As COVID-19 continues to spread, the largest health care providers in Spokane are encouraging patients to take most visits virtual, calling or texting their doctors before coming in for a visit and utilizing online medical services.

Most providers now offer their own versions of online doctor's office visits ranging from phone calls to video visits, and those services are being offered free or at reduced rates right now.

Kaiser Permanente announced that by Wednesday, all visits would be virtual first. Once calls are taken by a nursing team and/or doctor, some patients could still be told to come into a clinic for assistance, but most can be treated by phone and even have medications mailed to them, explained Dr. David Ward, acting medical director for Kaiser Permanente Spokane.


"By Wednesday, in two days, we will be all virtual first," Ward said at a Spokane Regional Health District press conference Monday morning. "All of our patients have the ability to call teams of nurses and doctors that are standing by 24/7 to take care of all of our patients' medical needs virtually first."

Kaiser's telemedicine services are free for those with Kaiser coverage, said Kelly Stanford, vice president for clinical operations.

That can look like a phone call, texting, or messaging through a patient's medical chart in their online account. For those who do need to come in for care, patients will be directed to the Kaiser Riverfront facility, Ward said.

MultiCare was similarly encouraging people to call first before making a visit to the doctor. The system is also stopping elective surgeries that can safely be delayed in order to conserve the masks, face shields and other "personal protective equipment" that are in short supply around the country, said Dr. David O'Brien, senior vice president and chief executive of the MultiCare Health System, Inland Northwest Region.

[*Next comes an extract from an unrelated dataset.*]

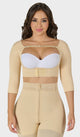 Chaleco con mangas para dama, con mayor cobertura en la espalda y brazos, incluye tira estabilizadora removible en la zona del busto que permite mantener la manga de la prenda en su lugar y cuenta con 4 niveles de abrochadura. Es de compresión alta y está disponible en color beige; podrás encontrarlo desde la talla XS hasta la 2XL.

"There is a national shortage of this type of protection and we're making sure to conserve as much as we can as the number of coronavirus patients start to increase," O'Brien said at the conference.

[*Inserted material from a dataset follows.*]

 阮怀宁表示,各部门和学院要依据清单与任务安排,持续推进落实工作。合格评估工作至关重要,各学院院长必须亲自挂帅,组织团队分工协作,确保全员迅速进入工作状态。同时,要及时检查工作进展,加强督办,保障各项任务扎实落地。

CHAS is also limiting its dental appointments in order to conserve personal protective equipment, and the system has set up separate waiting areas for patients with respiratory issues, said Dr. Deborah Wiser, CHAS' chief clinical officer. Patients may be directed to those areas if they call ahead.

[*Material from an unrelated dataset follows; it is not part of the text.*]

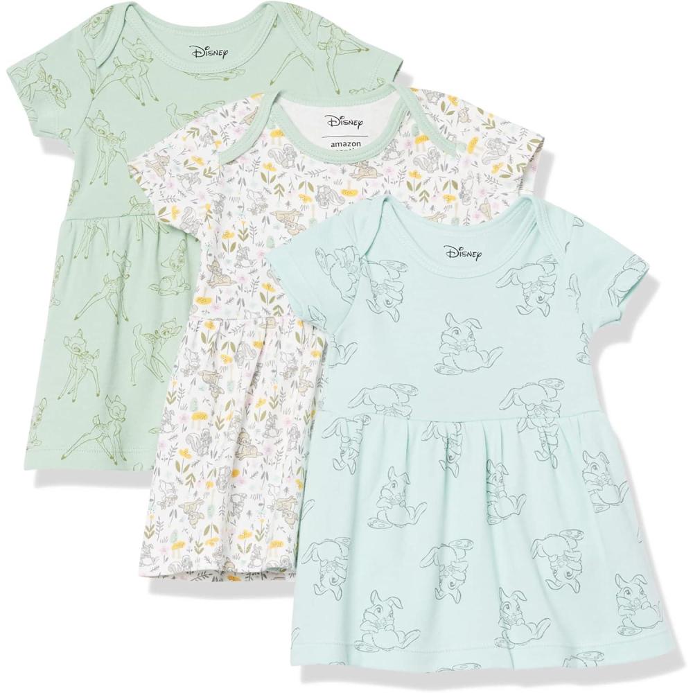 Amazon Essentials Disney | Marvel | Star Wars | Princess Babies, Toddlers, and Girls’ Dresses, Pack of 3(Bambi Nature)

MultiCare and Providence are both limiting hospital visitors and screening those who are allowed in for fevers before letting them visit loved ones.

Peg Currie, a registered nurse and chief operating officer of Providence Health Care, said she understood that restricting hospital visits could be difficult for some people, but asked for understanding from the community.

"Visitor restrictions are going to be a little bit dicey for some individuals who think that they really need to come in and see their friend or their grandma," Currie said. "We'd like to ask for some calm regarding that, too. ... We all need to be cognizant that we're all in this together. Staying home is going to reduce the number of cross-contaminated patients in our community."


The overall message Monday morning was that Spokane's health care system is working together to ensure it's ready as more COVID-19 cases are confirmed in the county. As of Monday morning, there were three confirmed cases and one more under investigation, said regional health district officer Dr. Bob Lutz.

Lutz called for increased testing to better understand the scope of the virus' spread in the community, but the other health officials in the room noted that as of today, the number of swabs to take samples is limited in Spokane. They're working to get more this week.

As of Sunday afternoon's report from the state Department of Health, there were 769 confirmed cases statewide, with 42 deaths. Another 9,451 tests had come back negative.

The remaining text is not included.